The i-th layer is commonly represented as $a^{[i]}$ , where $a$ stands for activation and $i$ indicates the i-th layer. Although there is no activation function applies on the input layer, it is sometimes referred as the $a^{[0]}$ layer, where as the i-th count starts at 1 from the first hidden layer to the output layer. Moreover, $a^{[i]}$ is a vector.

a^{[i]} = \begin{bmatrix} a^{[i]}_1 \\ \vdots \\ a^{[i]}_n \end{bmatrix}

The $j-th$ element on the $i-th$ layer is denoted as $a^{[i]}_{j}$ . For example, the first neuron in the first hidden layer is referred to as $a^{[1]}_1$ .

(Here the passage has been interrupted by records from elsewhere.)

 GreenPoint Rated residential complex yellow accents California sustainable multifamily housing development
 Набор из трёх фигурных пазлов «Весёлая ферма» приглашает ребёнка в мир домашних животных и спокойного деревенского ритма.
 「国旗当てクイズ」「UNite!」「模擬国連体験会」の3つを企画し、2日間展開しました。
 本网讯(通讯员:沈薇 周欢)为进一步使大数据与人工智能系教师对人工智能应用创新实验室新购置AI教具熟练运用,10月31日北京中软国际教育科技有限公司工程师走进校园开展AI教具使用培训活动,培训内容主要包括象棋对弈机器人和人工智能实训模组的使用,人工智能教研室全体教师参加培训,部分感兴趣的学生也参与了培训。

Let’s talk weights and bias. The weight matrix and the bias of the i-th layer are denoted as $W^{[i]}$ and $b^{[i]}$ , respectively. And the shape of these matrices are the following:

W^{[i]} = (n_i, n_{i-1})

and

b^{[i]} = (n_i, 1)

where $n_i$ is the number of neurons in the i-th layer.

For example, in the our network, $W^{[1]} = (4,3)$ , whereas $b^{[1]} = (4,1)$ since there are 4 neurons in the first hidden layer and there are 3 features in the input layer.

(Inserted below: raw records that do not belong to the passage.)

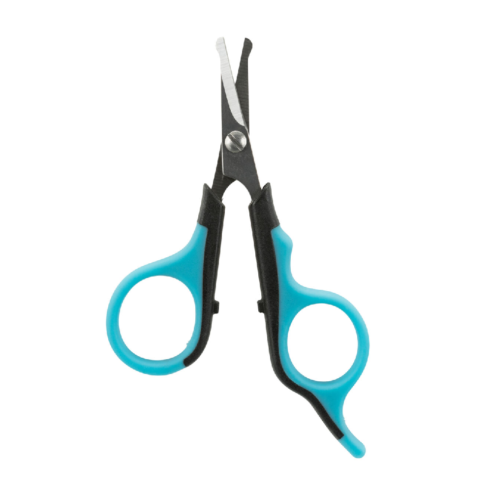 Het kunststof handvat is voorzien van een rubberen coating voor een comfortabele en stevige grip tijdens het gebruik. Met deze schaar kun je nauwkeurig en veilig de vacht rond het gezicht en de poten van jouw huisdier trimmen, waardoor ze er netjes en goed verzorgd uitzien zonder het risico op verwondingen. Het is een essentieel hulpmiddel voor de algemene verzorging van jouw huisdier.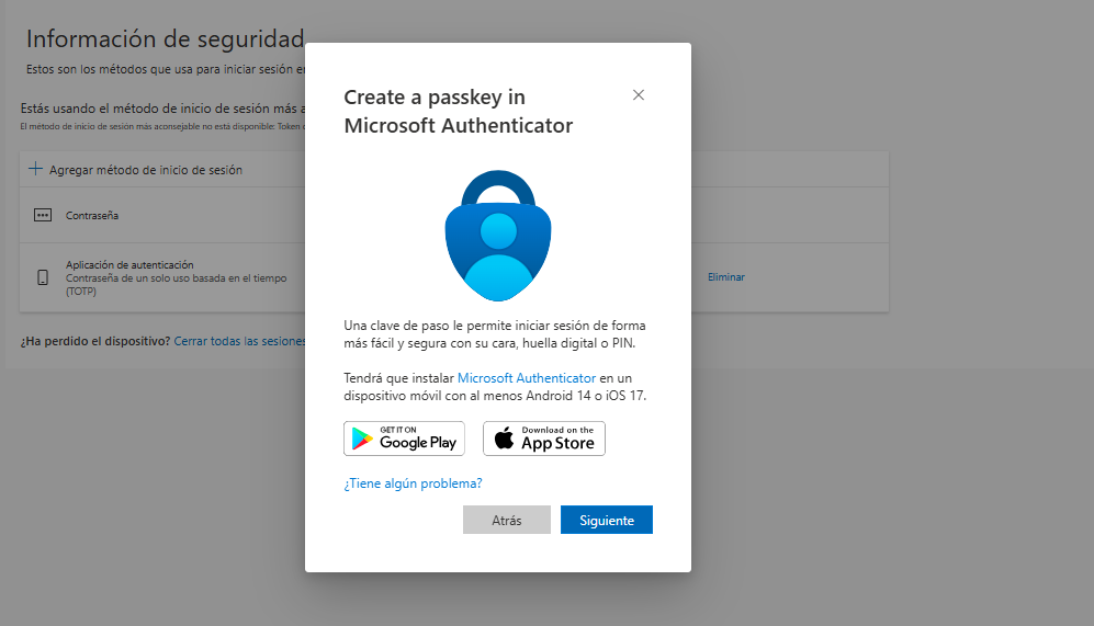Luego tendremos el alerta de que se creará un passkey. Pulsamos siguiente.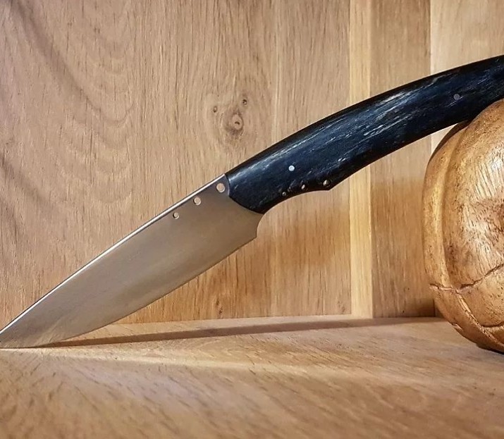 Couteau forgé en acier C70, manche en hêtre stabilisé, longueur totale : 21 cm, lame : 10 cm, ép : 4 mm (vendu)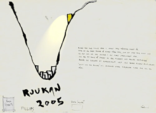 «Proposal» for Rjukan i 2005. Allerede i 1994 foreslo Nicolaisen å installere en stor lampe på den ene dalsiden – nesten 20 år før dalbyen fikk det ikoniske solspeilet. (foto: Terje Nicolaisen.)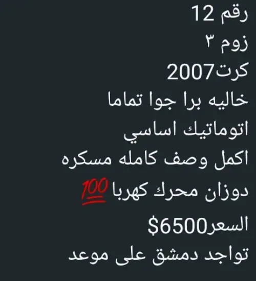 زوووم3 ...3.......خالية برا جوا ...محرك ودوزان ذهب ...جاهزية ممتازة ....لحق حالك واغتنم الفرص ...مح.س.....28/9....البيع للراغب فقط ......نعتذر من الوسطاء والمكاتب ...عمولة منالشاري ...شكرا لتفهمكم ....للجادييين فقط .......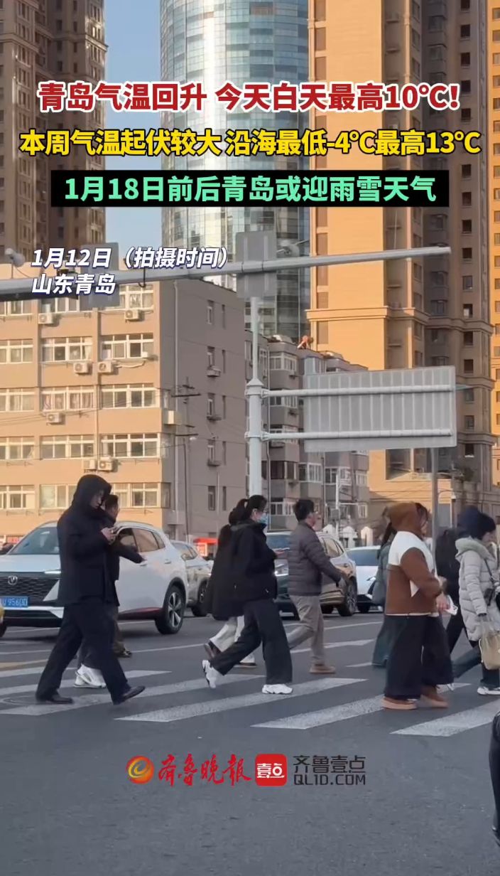 果然视频丨三九天气温最高或达13℃!18日前后有雨雪齐鲁晚报·齐鲁壹点客户端 10:42原创1月12日,晴空相伴,青岛开启升温模式,各区市的最高气温会迅速上升到7℃到10℃。根据青岛市气象台发布的天气预报,本周青岛以晴间多云天气为主,18日前后有雨雪。气温起伏较大,最低气温沿海地区-4℃到5℃,内陆地区-7℃到-1℃,最高气温沿海地区4℃到13℃,内陆地区3℃到11℃。南北风交替,风力3到4级为主。 (齐鲁晚报·齐鲁壹点 高雅洁)

II. Computing a Neural Network Output

1. Single training example

Let’s do a forward pass on our Neural Network. The value of the first neuron in the first hidden layer is:

a^{[1]}_1 = \sigma(W^{[1]T}_1x + b^{[1]}_1)

This applies a sigmoid activation function to the linear equation of the inputs. Similarly, we can compute the remaining neurons:

a^{[1]}_1 = \sigma(W^{[1]T}_1x + b^{[1]}_1) \\ a^{[1]}_2 = \sigma(W^{[1]T}_2x + b^{[1]}_2) \\ a^{[1]}_3 = \sigma(W^{[1]T}_3x + b^{[1]}_3) \\ a^{[1]}_4 = \sigma(W^{[1]T}_4x + b^{[1]}_4) \\

We can vectorize these equations as the following:

\begin{bmatrix} W^{[1]T}_1 \\ W^{[1]T}_2 \\ W^{[1]T}_3 \\ W^{[1]T}_4 \\ \end{bmatrix} x + \begin{bmatrix} b^{[1]}_1 \\ b^{[1]}_2 \\ b^{[1]}_3 \\ b^{[1]}_4 \\ \end{bmatrix} = W^{[1]}x + b^{[1]}

where $x = \begin{bmatrix} x_1 \\ x_2 \\ x_3 \end{bmatrix}$

2. Multiple training examples

Let $X = \begin{bmatrix} x^{(1)} & x^{(2)} & \dots & x^{(n)} \end{bmatrix}$

Then, by using matrix multiplication we can calculate the hidden layer’s matrix:

A^{[1]} = W^{[1]}X + b^{[1]}

where

$X: (n_{\text{features}}, m)$
$W: (n_i, n_{i-1})$
$b: (n_i, m)$